Washington Huskies Football: Coach Sarkisian’s Best/Worst Case Scenario


Oct 5, 2013; Stanford, CA, USA; Washington Huskies head coach Steve Sarkisian talks with officials during a timeout against the Stanford Cardinal in the second quarter at Stanford Stadium. Mandatory Credit: Cary Edmondson-USA TODAY Sports

The season started with so much hope, so much optimism surrounding the Washington football team. They bludgeoned Boise State 38-6 in the opening of Husky Stadium, took care of business against Illinois on the road and at home versus Idaho State, and then physically dominated Arizona at home. A 4-0 start looked very promising, but three consecutive losses at Stanford, against Oregon and at ASU have people in panic mode over the football team. From here on out the season can be saved or destroyed. Here are the best and worst outcomes for the Huskies the rest of this year:

Worst Case: The Huskies start Keith Price against Cal even though it’s clear his thumb injury is affecting his play. In the second quarter Price gets sacked and lands awkwardly. After the play he comes off the field and does not return to the game. Cyler Miles comes in and turns in a so-so performance that ends with a 38-28 victory, but only because Kline was picked off three times, two being returned for touchdowns. During the bye week it is announced that Price has to get surgery on his thumb and is done for the year.

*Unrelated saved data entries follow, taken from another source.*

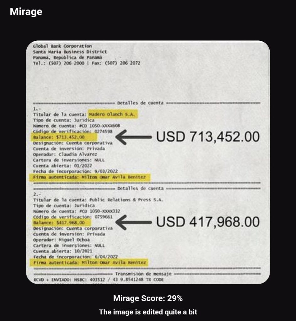 La fotografía muestra datos resaltados en color amarillo. En tal sentido, Honduras Verifica empleó la herramienta llamada Mirage, diseñada para evaluar la integridad de la imagen.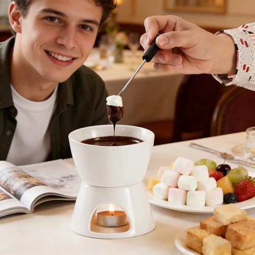 The MZSX Chocolate Cheese Fondue Pot Set is a compact and easy-to-store ceramic fondue set perfect for creating memorable dipping moments at home, restaurants, or cafes. This stylish porcelain melting pot separates into two pieces for convenient storage and includes four stainless steel forks, making it effortless to enjoy delicious chocolate, cheese, or other melted treats with family and friends.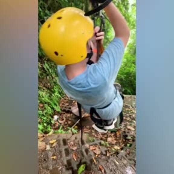 Junge auf Seilrutsche stürzt in kletterndes Faultier

The Huskies dispose of Colorado the following week at home 34-17, but they look terrible in a 42-14 loss to UCLA, Hundley eviscerating the defense with his arms and legs, while Miles looks overwhelmed the whole game, totaling only 188 yards on the ground and through the air. The Dawgs then travel to Corvallis, where they show signs of hope with a 21-10 halftime lead, but blow it in the fourth quarter, the Beavers sealing the deal with a late fumble by John Ross in the red zone with 30 seconds left in the game. Oregon State then takes a knee and wins 31-27. Limping into the Apple Cup at 6-5, the Huskies take on the Cougars, who sit at 5-6. Cougars win 44-41 at Husky Stadium, Sarkisian is fired the next day. The Huskies go to the New Mexico Bowl and beat a bad UNLV team 31-20, with Justin Wilcox at head coach. The Huskies finish the season 7-6 and unranked for the fourth year in a row.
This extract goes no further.